I promised to cowl some off-base accounting guidelines, so I’ll as a result of they’re considerably essential. It additionally aligns with my common view that “going public is dumb” and that “infinite growth is not only impossible, but bad.”

I’ll hold it temporary.

Right now, bitcoin is handled as an indefinite-lived intangible asset. That means the corporations that maintain bitcoin on their steadiness sheets have to mark down its steadiness sheet worth if bitcoin’s worth decreases. This is wise and provides an correct illustration of the monetary actuality that the asset it holds is now value much less.

Unfortunately, as a result of bitcoin is handled as an indefinite-lived intangible asset, the firm isn’t allowed to extend the worth of the bitcoin to precisely signify the monetary actuality that the asset it holds is now value extra. Mark-to-market assets, in distinction, enable corporations to regulate the worth of an asset to mirror its worth as decided by present market circumstances.
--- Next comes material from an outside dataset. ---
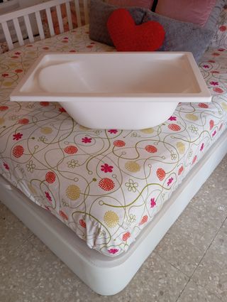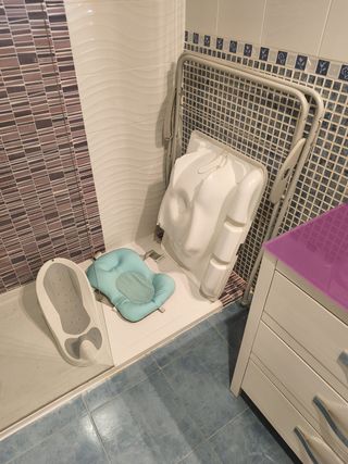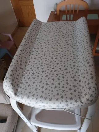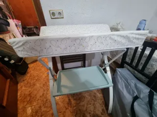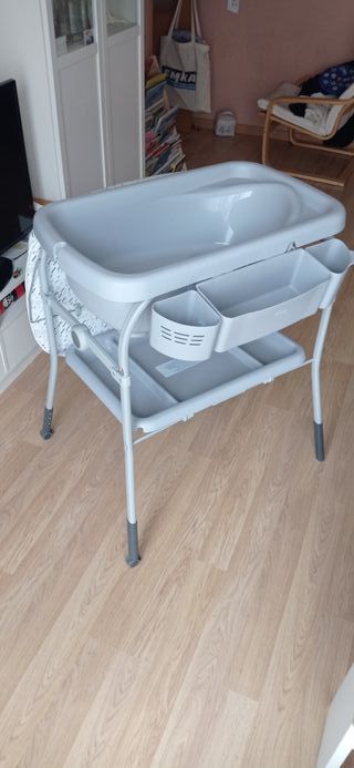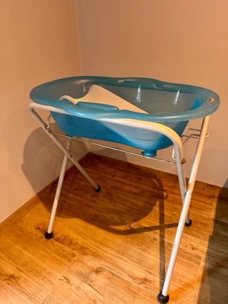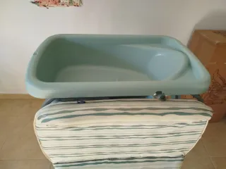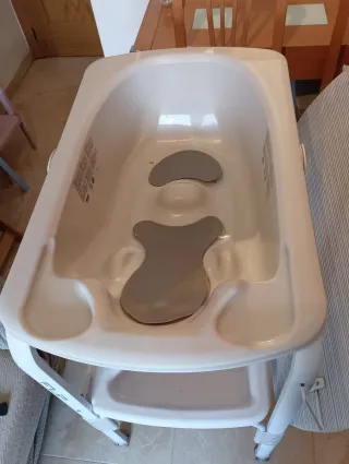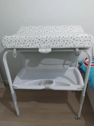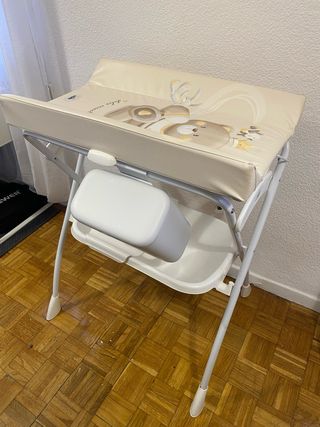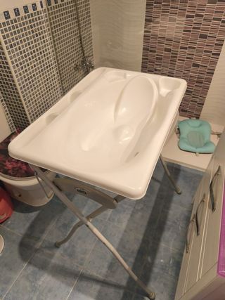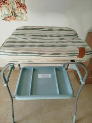 Bañera de bebé con estructura en perfecto estado, es el cambiador el que está rajado como se ve en la foto. Tiene bañera aunque no salga en la foto, y está en muy buen estado. Es perfecta para poner encima del bidé en baños pequeños Es plegable y fácil de guardar. Ideal para cambiar pañales y bañar a tu pequeño con comodidad y seguridad. - Estructura ligera y resistente. - Bandeja inferior para guardar artículos de higiene. - Color azul y blanco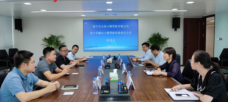 图 交流学习现场为进一步深化同业交流,学习借鉴行业优秀经验做法,促进业务高质量发展,近日,融达小贷公司一行到访南宁市北投小额贷款有限公司(以下简称“北投小贷公司”)并座谈交流。融达小贷公司负责人介绍了业务发展情况,表示北投小贷在供应链金融、金融科技研发、风险控制方面有独特优势,在发掘产融结合,促进内部业务协同方面均取得了较好的成绩,希望与北投小贷公司深入交流,在业务合作、创新融资模式等方面加强联系

If bitcoin have been allowed to be handled as a mark-to-market asset, corporations may do that.

The rule that requires bitcoin to be handled as an indefinite-lived intangible asset is decided by the Financial Accounting Standards Board (FASB) in the U.S. And they need to change the rule for 2 causes.

First, it is smart. Indefinite-lived intangible belongings embody issues like goodwill, a made-up asset that enables buying corporations to overpay for a goal. Goodwill doesn’t trade on any kind of liquid market, however bitcoin does. Marking goodwill to market is mainly unattainable; marking bitcoin to market is simple.

And second, it will give a extra correct illustration of corporations’ monetary positions. Public corporations in the U.S. are already onerously tasked with offering quarterly monetary reviews to shareholders. If these corporations maintain bitcoin that’s impaired one quarter and never allowed to be marked up the subsequent, that may give an inaccurate illustration of the firm’s monetary place with out further info from the firm.

To that time, we must always convey it again to Tesla. Remember it transformed a majority of its bitcoin holdings for a achieve offset by “impairment charges on the remainder of our holdings netting a $106 million cost to the [income statement].” So Tesla’s revenue assertion doesn’t present the sale of bitcoin that made money (which is regular; it reveals up on the cash flow statement), nevertheless it does present an revenue assertion loss related to bitcoin it didn’t promote. That is unnecessary.

In the spirit of … ahem … making sense, maybe we must always begin treating bitcoin like the mark-to-market asset it’s.

The views and opinions expressed herein are the views and opinions of the creator and don’t essentially mirror these of Nasdaq, Inc.